Const Global Variables

Basically same behavior as const local variables, but it is stored in Read-only code segment, specifically, .rodata segment. It means if we want to change a data inside .rodata, we will get a error during the runtime. There are two way to extract it from .rodata:

  1. Initialize it with a non const variable.
  2. Using volatile.

Good to know: const keyword will remove .globl label for variables, so if you declared a variable as const, it will be not visible to other files.

Volatile

Using volatile keyword can enforce the compile to read the value of a variable from memory every time it try to access the variable. So it will not just replace the variable to its value, also it will not place a const global variable to .rodata segment.

Static Variables

There are not much different between a local static variable and a ‘global’ static variable (not really global) except the way they are named in the assembly program. They are stored in Read/write segment and without .global. Which means they can be accessed anywhere in the file, but not across the file. Yes, if you return the address of a local static variable, you can access it out of the function.
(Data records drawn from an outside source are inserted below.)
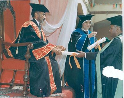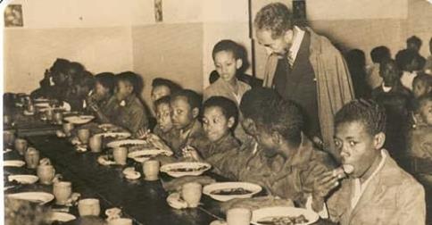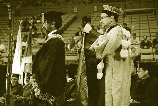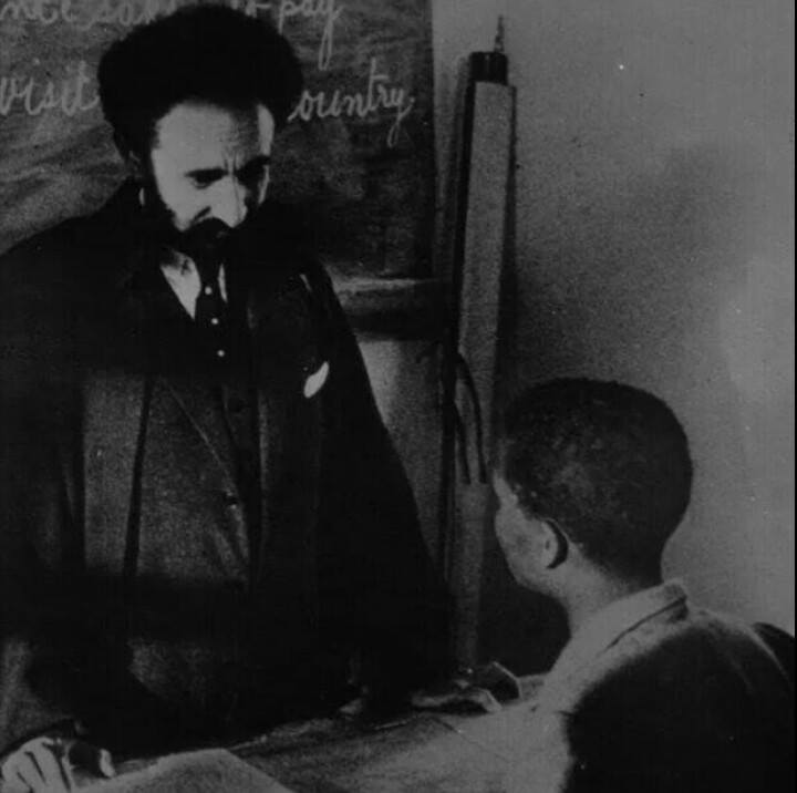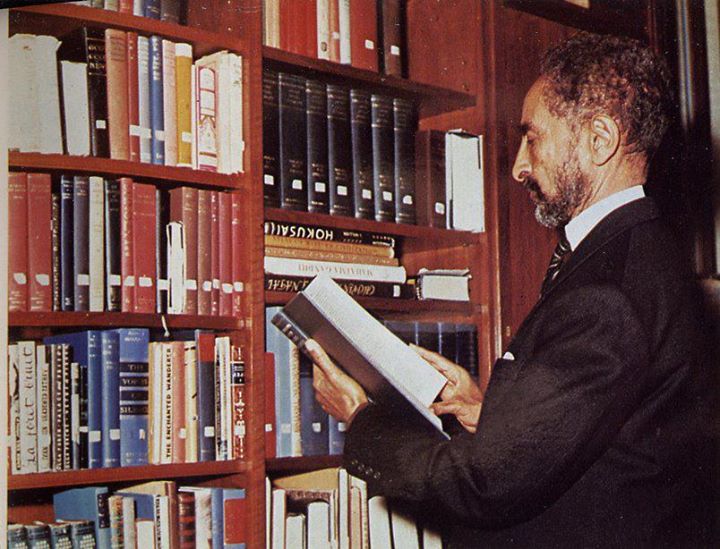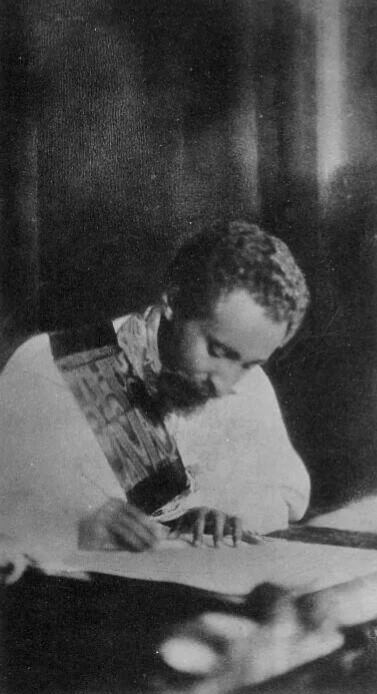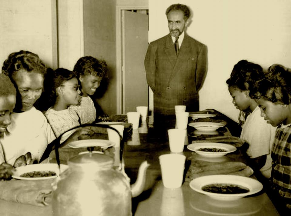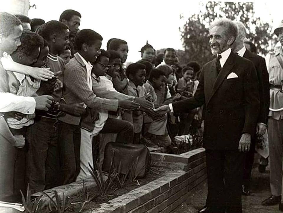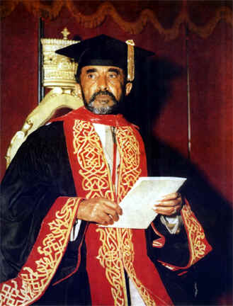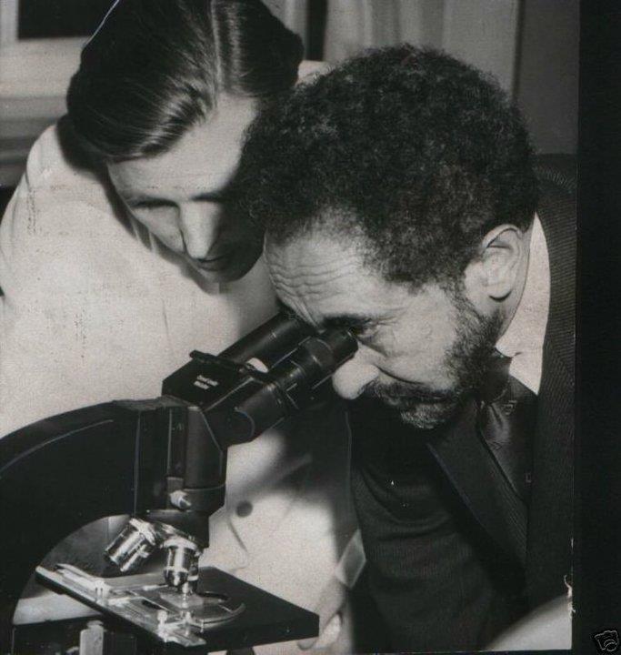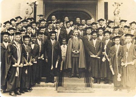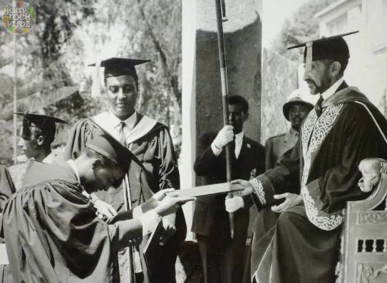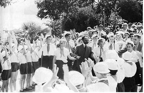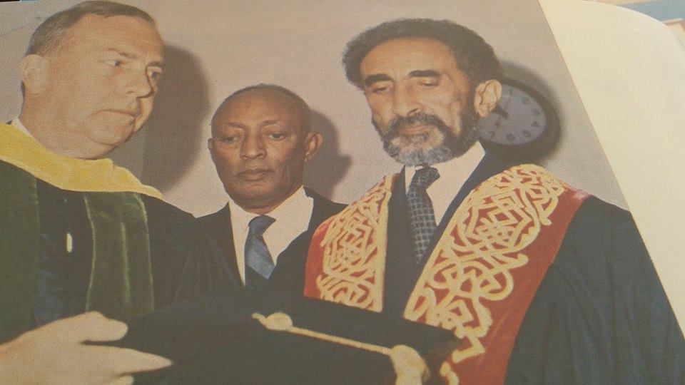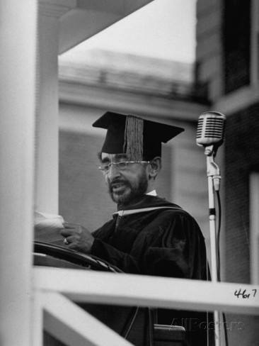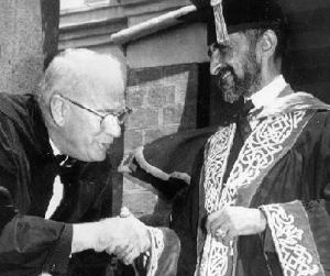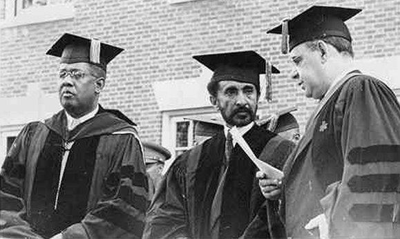 | President Mordecai W. Johnson escorts His Imperial Majesty Haile Selassie, Emperor of Ethiopia, to a special convocation during which the Emperor receives the honorary degree of Doctor of Laws, May 28, 1954. University Archives, Moorland-Spingarn Research Center, Howard University |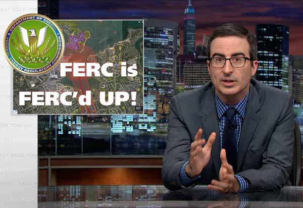 I tried googling FERC, looking for more information on this agency, but all that comes up are positive views. Some say FERC gets some or all of its funding from the companies it regulates, creating a conflict of interest. Is that true? I’m not sure, I couldn’t find that information. But Oliver’s researchers will, along with FERC’s record on approving permits and attitude toward issues like examining whether multiple proposed pipeline are really necessary, and whether they ever look at the cumulative impact of everything they’re permitting.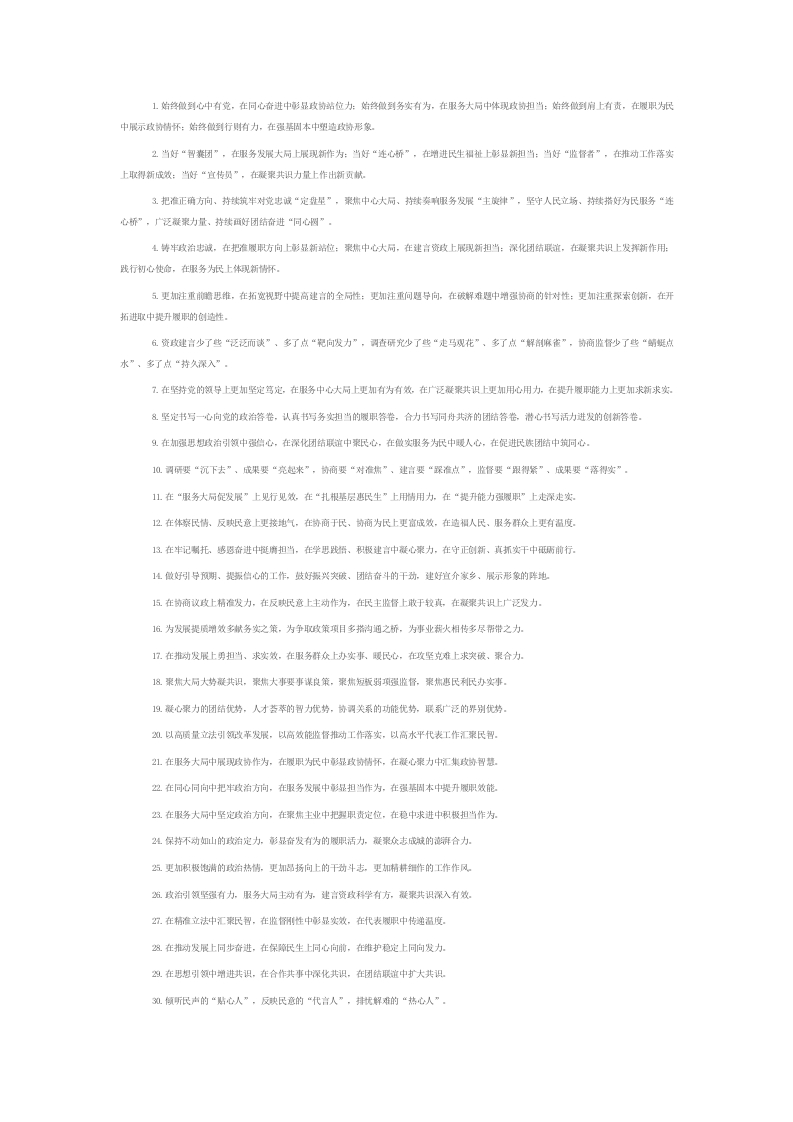 2当好“智囊团”,在服务发展大局上展现新作为:当好“连心桥”,在增进民生相祉上彰显新担当:当好“监督者”,在推动工作落实上取得新成效:当好“宜传员”,在凝聚共识力量上作出新贡就践行初心使命,在服务为民上体现新情杯水”,多了点“持久深入”。?.在坚持党的领导上更加坚定笃定,在服务中心大局上更加有为有效,在广泛凝聚共识上更加用心用力,在提升履职能力上更加求新求实.8坚定书写一心向党的政治答卷,认真书写务实担当的限职答卷,合力书写引同舟共济的团结答卷,潜心书写活力进发的创新答卷。11.在“服务大局促发展”上见行见效,在“扎根基层惠民生”上用情用力,在“提升能力强限职”上走深走实1了.在推动发展上勇担当、求实效,在服务群众上办实事、暖民心,在攻坚克难上求突破、聚合力18聚焦大局大势凝共识,聚焦大事要事谋良策,聚焦短板弱强监督。聚焦惠民利民办实事23.在服务大局中坚定攻治方向,在聚焦主业中把塑职责定位,在稳中求进中积极担当作为29.在思想引领中增进共识,在合作共事中深化共识,在团结联谊中扩大共识3礼在协商中增进理解在交流中促进认同。在团中汇聚力量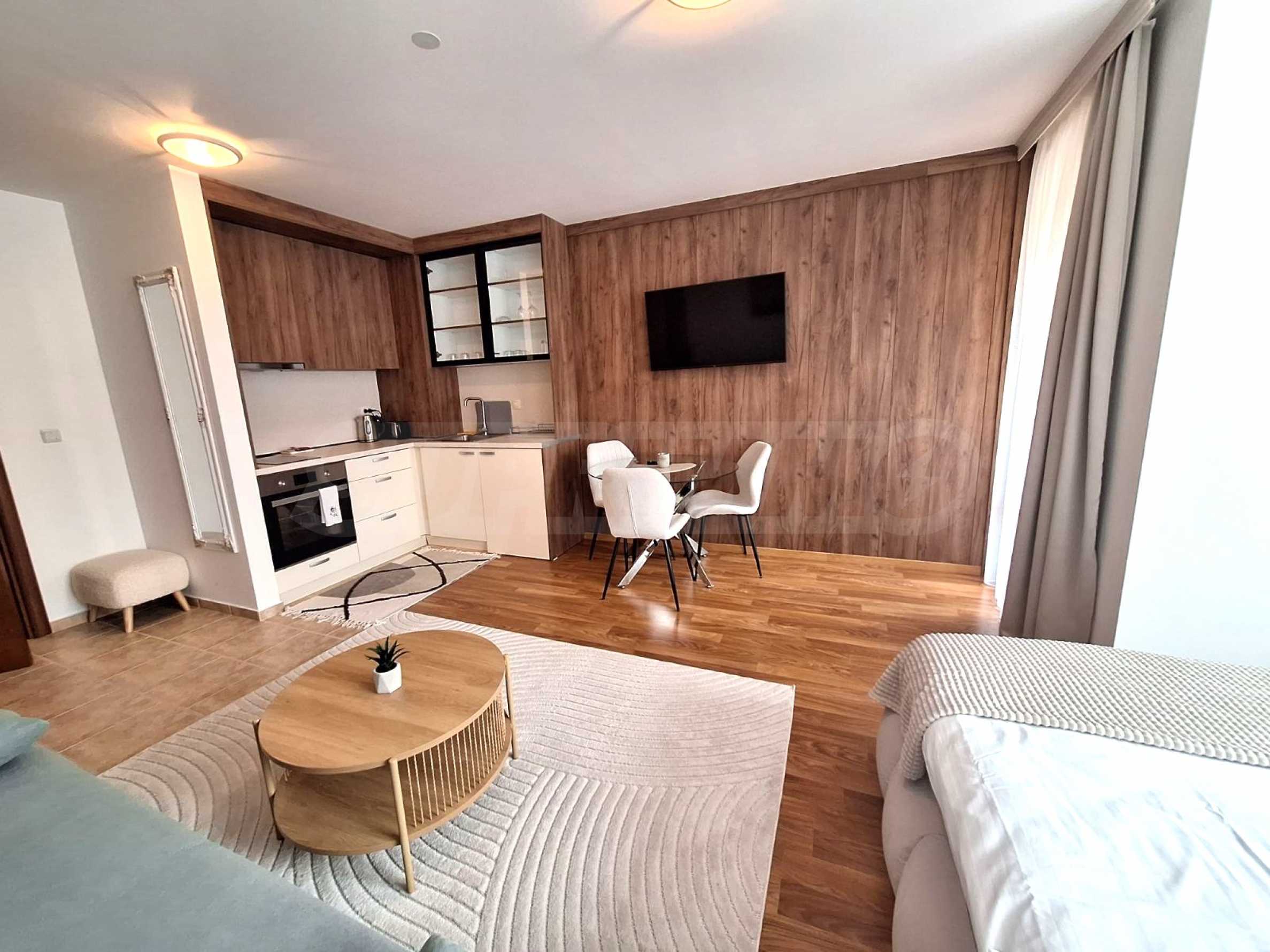 We present a modern, cozy studio 600 m from the ski area and the lift in a year-round complex in Bansko.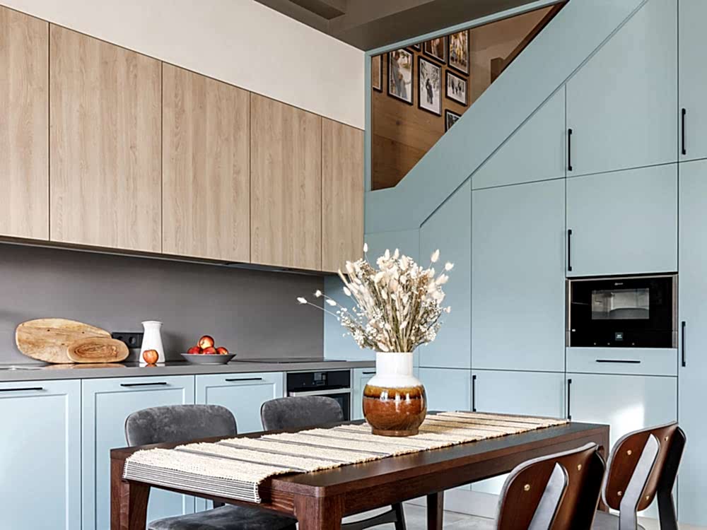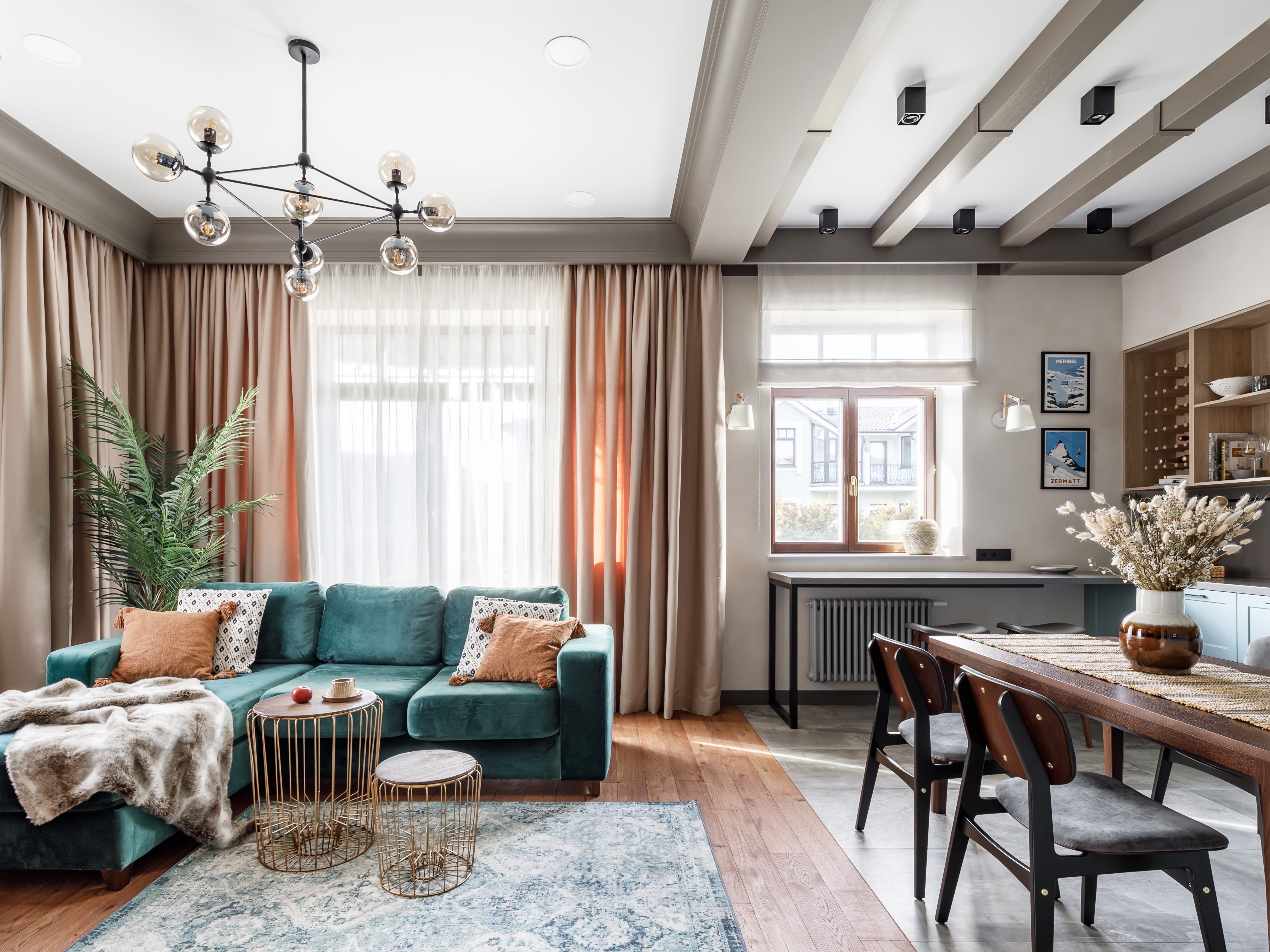 Таунхаус в ЖК Ollila расположен в Pin-Up районе города, в окружении зелени и свежего воздуха, поэтому создание уютного загородного дома стало основной задачей при проектировании интерьера.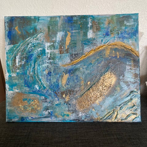 Abstrakt maleri på lærred i blå og turkise nuancer med detaljer i guld og lilla.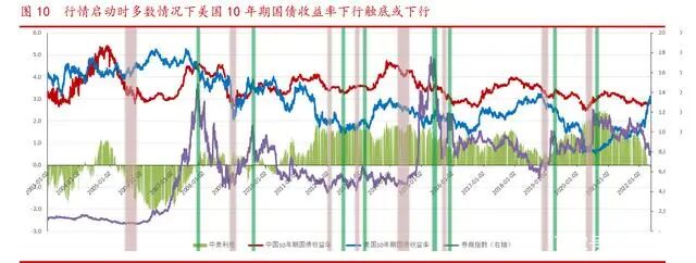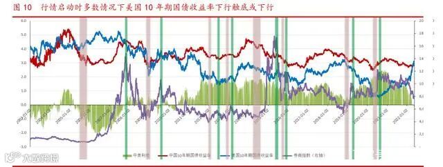 8 次券商行情中 6 次发生于美国 10 年期国债收益率下行触底或者下行过程中, 中美利差上升或稳定,中美货币经济周期一致。只有 2 次例外,分别是 2005 年 7 月 以及 2012 年 11 月。2005 年券商行情启动于 7 月份,彼时中国 10 年期国债收益率持续下行,而美国 10 年期国债收益率持续上行。通常情况下美国加息或缩表周期下,新兴资本市场表 现有较大压力,我们认为 2005 年 6 月 A 股市场之所以迎来行情启动,主要原因在于 2005 年汇改背景下人民币进入长期升值通道,虽然中美利率倒挂,但资金仍然是净 流入的。此外当时虽然上市公司整体业绩有压力,但是中国宏观经济并不差;另外 2005 年 6 月行情启动前市场已经有了长达四年的调整,市场整体估值处于极低位 置。2012 年 12 月券商行情的启动时美债收益率小幅上行,10 年期美债收益率从 2012 年 12 月的 1.6 左右上行至 2013 年 2 月的 2.0 左右。但整体上行幅度不大而且 持续时间并不长。同时我们认为本轮券商行情也是上半年行情的延续。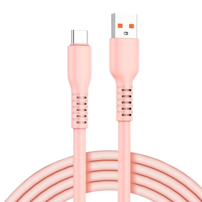 Καλώδιο δεδομένων USB σε USB-C/Type-C από υγρή σιλικόνη, ADC-014 6A, Μήκος: 1μ (Ροζ)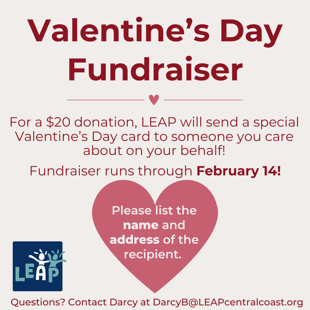 For a $20 donation, LEAP will send a special Valentine’s Day card to a loved one on your behalf. Each heartfelt card helps provide essential support to children and families across the Central Coast.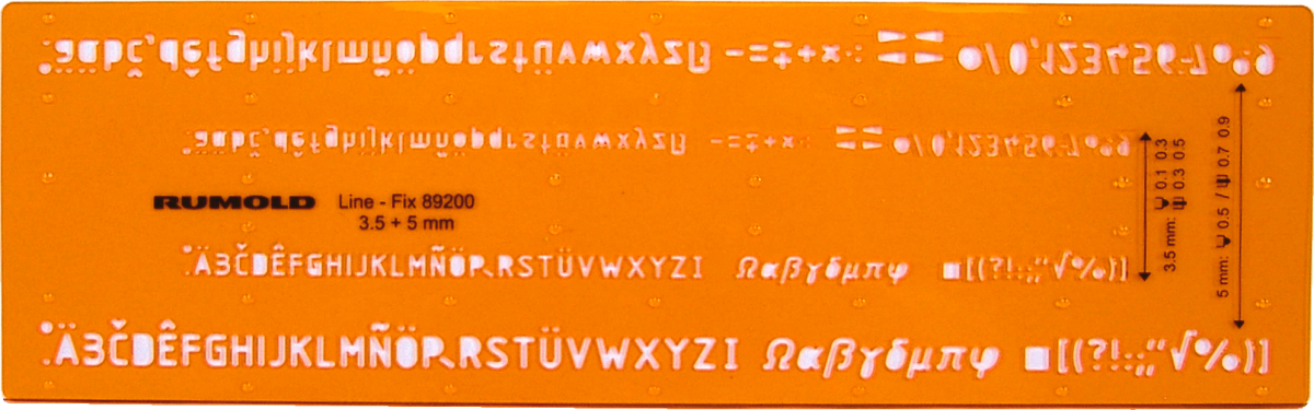 Diese Schriftschablone für Fineliner erlaubt ein sehr präzises Beschriften bei einer Schriftgrösse von 3,5 und 5,0 mm.

For member static variables, because the static member variables of all instances are actually the same, so we always want to make sure that these variables have memories before any instance is constructed. To do this, C++ enforce (Notice, I didn’t say compiler enforce) programmers to initialize the member static variables outside of the class:

class testClass{
    static int variableA;
};

int testClass::variableA =123234;

And it will be stored as:

	.globl	_ZN9testClass9variableAE
	.data
	.align 4
	.type	_ZN9testClass9variableAE, @object
	.size	_ZN9testClass9variableAE, 4
_ZN9testClass9variableAE:
	.long	123234

As shown, it is labeled by .globl, here comes the question: Can we initialize it in other file since the linker will link all files together eventually? The answer is YES, as argue in Previous Blog, a class is just a set of .weak function to the assembly program, so we can redefine a class in many different files, for example:

// in main.cpp
class test{
public:
    static int number;
    //[...anything...]
};

As I emphasized before, initialization of the static member ain’t enforced by the compiler, so we have no problem with compiling this file, but if we run this program we will have the problem saying number is undefined. Now we require a global definition of number, and we can define it in any other files:

// any other file
class  test{
public:
    static int number;
};
// we have to redefined the class and the variable here because when compiling this file, compiler don't care about other files so it don't know the existence of test::number, then we will fail the compilation.

int test::number = 10;

It works based on three propoties of C++:

  1. The definition of static member variables isn’t check by the compiler.
  2. Classes are stored as a set of .weak function in the memory structure.
  3. Static member variables are visible to the linker.

Const Static Variables

As mention before, const will remove .globl label, so const static ‘global’ variables are exactly the same as const global variables, and const static ’local’ variables are only different by naming method.

For member const static variables, since the compiler is very sure about the value of it, it allows programmers to declare it in the class, and will simply replace every references to this variable to the actual value. In this case, the variables are stored in the .rodata segment.